* _Exercise requirements_: Would you repeat the listing exactly, without any of its images?

* _Provided data_:
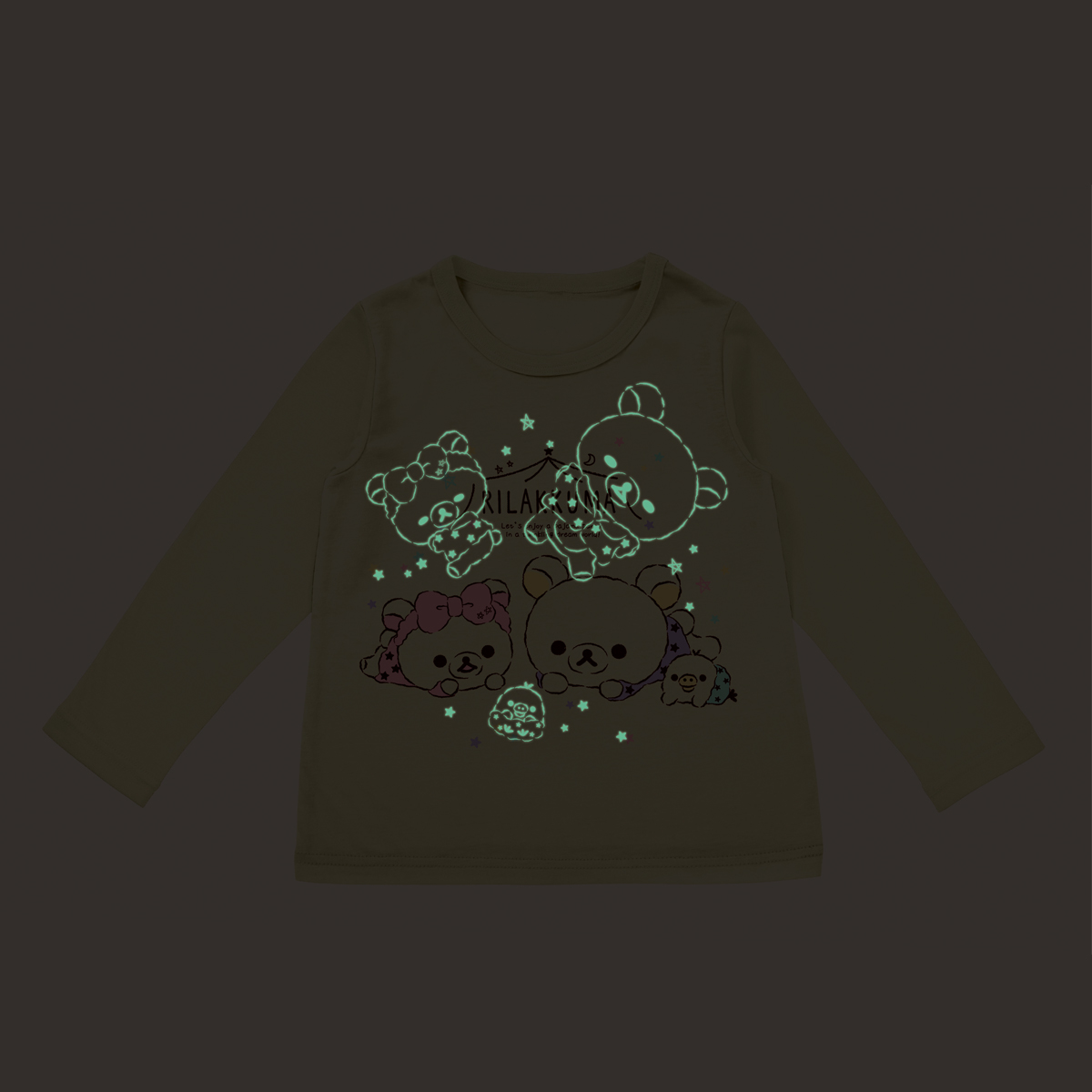 「リラックマ」たちのパジャマパーティーの様子を描いた、かわいらしい光るパジャマ。
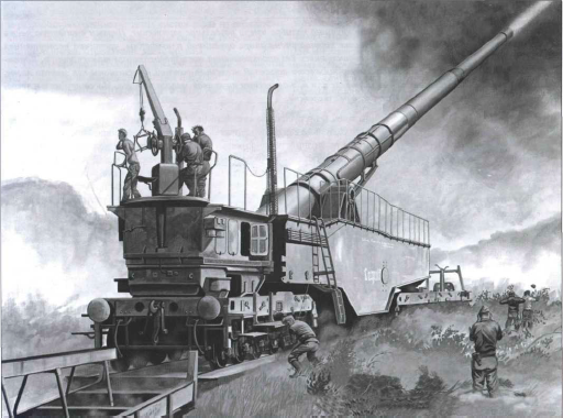 Железнодорожная станция где-то на Западе, возможно - Люттих. На станции находятся три 240-мм пушки «Теодор Бруно», замаскированные на своих огневых позициях. Пушки весьма сложно идентифицировать при наблюдении с рас-стояния - выделяются только краны для погрузки боеприпасов.
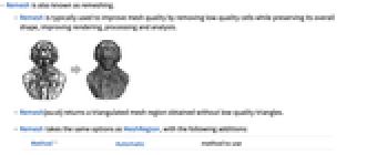 - Remesh[mesh] returns a triangulated mesh region obtained without low-quality triangles.

* _Problem solution_:
 「リラックマ」たちのパジャマパーティーの様子を描いた、かわいらしい光るパジャマ。
 Железнодорожная станция где-то на Западе, возможно - Люттих. На станции находятся три 240-мм пушки «Теодор Бруно», замаскированные на своих огневых позициях. Пушки весьма сложно идентифицировать при наблюдении с рас-стояния - выделяются только краны для погрузки боеприпасов.
 - Remesh[mesh] returns a triangulated mesh region obtained without low-quality triangles.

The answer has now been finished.